20. In addition to arguing that the searches carried out by the Department should have led to the identification of further environmental information, the appellant also argued that the Department provided “[…] no indication of the type of searches undertaken.” While the appellant may be dissatisfied by the results of the Department’s searches in response to her request, it is simply not accurate to say that it did not provide details of those searches. As set out above, the Department’s internal review decision specifically addressed the points raised by the appellant regarding the information she considered to be outstanding, and gave specific details as to the types of searches it carried out in respect of such information.
21. It is important to again note that where a public authority refuses a request for records under article 7(5) of the AIE Regulations, the question this Office must consider is whether the public authority has taken all reasonable steps to ascertain the whereabouts of relevant records. The AIE Regulations do not require absolute certainty as to the existence or location of records, as situations arise where records are lost or simply cannot be found, or, indeed, may have been destroyed in line with the body’s records management policies. It is also important to note that this Office does not generally expect public authorities to carry out extensive or indefinite general searches for records simply because an appellant asserts that more records should or might exist or rejects a public authority’s explanation of why a record does not exist. The test in article 7(5) is whether the public authority has taken all reasonable steps to locate the records sought.
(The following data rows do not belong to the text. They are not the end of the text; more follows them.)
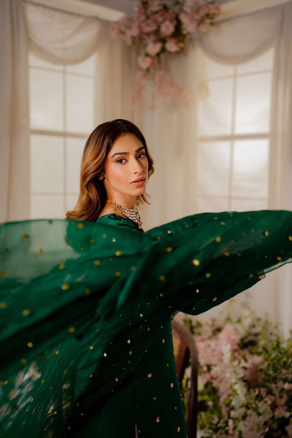 Our intricately handcrafted pure heavy Mukesh dupatta complete the look. It’s an absolute work of art and a labor of love making it a unique piece on its own.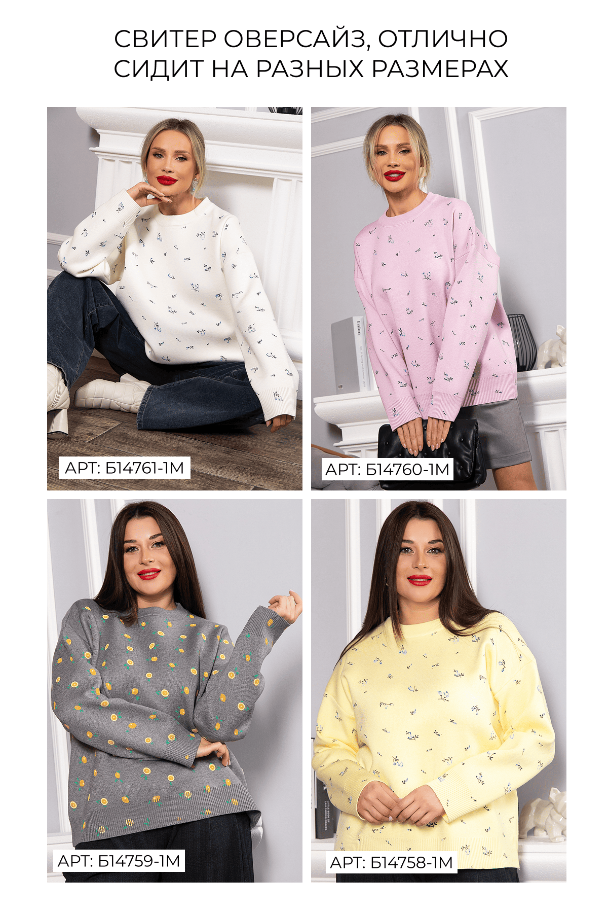 Вязаный женский свитер с цветочным принтом — отличное дополнение к вашему гардеробу. Модель изготовлена из невероятно мягкого трикотажного материала. Свободный крой не ограничивает движения и придает стильный силуэт. Этот цвет прекрасно сочетается с большинством базовых вещей: будь то классические джинсы, комфортные брюки или любимые юбки и шорты. Цветочный принт добавляет образу утонченности и легкости, превращая обычный свитер в яркий акцент. Такой свитер станет незаменимым спутником в учебе, на работе, встречах с друзьями, прогулках на свежем воздухе и дома. Он позволяет создавать разнообразные образы, обеспечивая тепло и свободу движений каждый день. Сделайте свою жизнь уютнее и свежее с нашим новым свитшотом!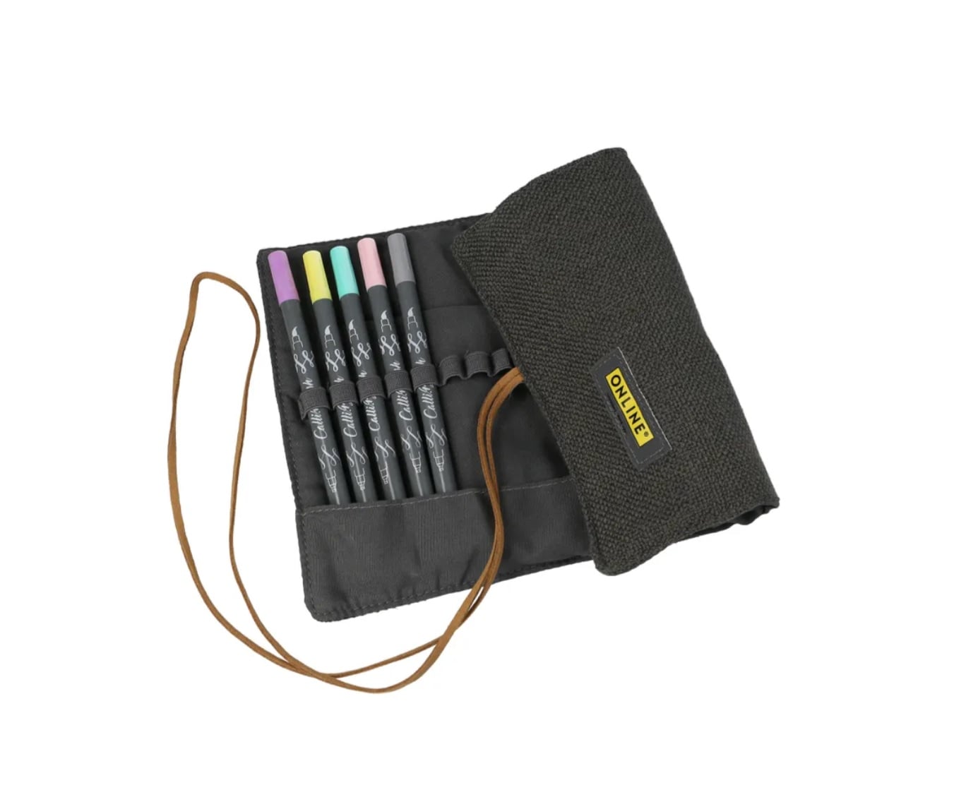 The Pen Roll with 5 Calli.Brush Double Tip Pens for creative writing Suitable for beginners The combination of the thin, angled nib with the wide brush nib allows diverse and creative design. The Calli.Brush Pens are for creative writing with calligraphy nib and brush nib and will increase your pleasure in creative activities involving writing, hand-lettering and lots of other possibilities. The main thing is to enjoy creating ideas and dip into the wonderful world of the handmade. The combination of the thin, angled nib with the wide brush nib allows diverse and creative design. It is enjoyable – and these days, anything created by hand is especially appreciated. The round Roll is made from textiles – a pleasant look and feel, functional fastener and a safe place for lots of different pens. The ideal accessory for anyone who loves writing, regardless of age. Excellent quality: Double tip with calligraphy nib and brush Calligraphy nib, 2 mm, for precise lining Flexible brush for creative writing & lettering Water-based ink Can be washed out of most textiles Safety by untoxic pigments Are most useful for: Beginner Hand-lettering and calligraphy Creative writing and designing Colouring your artworks Relaxed artistic creation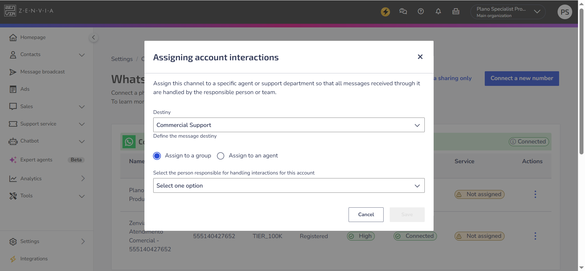 You can assign a channel to an agent or a group to ensure that all incoming messages are directed correctly to the responsible person.
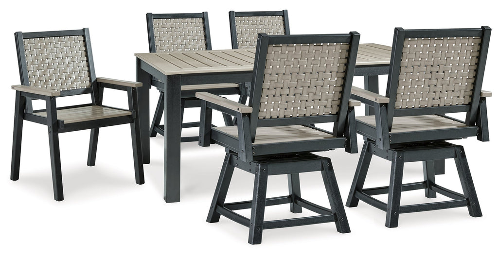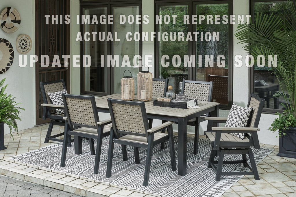 On-trend stylings take to the outdoors with this dining package. Its two-tone look in driftwood and black has a laid-back luxe appeal. High design meets durability with this outdoor set’s weather-resistant HDPE construction—a stunning display of form and function.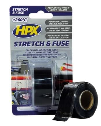 De Stretch & Fuse tape van HPX is een zelfvulkaniserende siliconentape. Zelfvulkaniserend wil zeggen dat de tape de eigenschap heeft om bij contact met zichzelf samen te smelten. Door deze samensmelting wordt de tape automatisch lucht- en waterdicht. Hierdoor is de tape zeer goed toepasbaar om elektrische bedrading te isoleren en om een permanente waterdichte afdichting te maken. De tape is te gebruiken op alle ondergronden en makkelijk te verwijderen.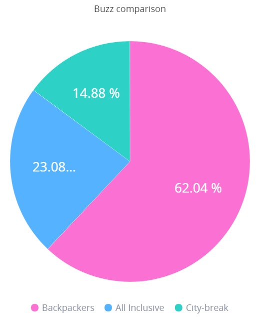 Buzz comparison for “Backpackers”, “All Inclusive”, “City break” – 24.04.2018-23.04.2019

22. While the appellant may be dissatisfied with the results of the steps the Department took to identify relevant information and consider that it should hold further information, I must assess whether the steps the Department has taken to identify the information it does holds were reasonable. That is to say, I must assess whether the steps taken by the Department meet the standard of reasonableness as it applies in this particular case. Given the details of the searches conducted by the Department, I am satisfied the Department has taken reasonable steps to identify all relevant information in this particular case. It is open to the appellant to make a new request to the Department for additional information, should she wish to do so.
23. For the reasons I have set out above, I affirm the Department’s decision to refuse the request on the basis of article 7(5) and I consider that adequate steps have been taken to identify and locate all relevant environmental information on this occasion.
24. Having carried out a review under article 12(5) of the AIE Regulations, on behalf of the Commissioner for Environmental Information, I affirm the decision of the Department under article 7(5) of the AIE Regulations.
25. A party to the appeal or any other person affected by this decision may appeal to the High Court on a point of law from the decision. Such an appeal must be initiated not later than two months after notice of the decision was given to the person bringing the appeal.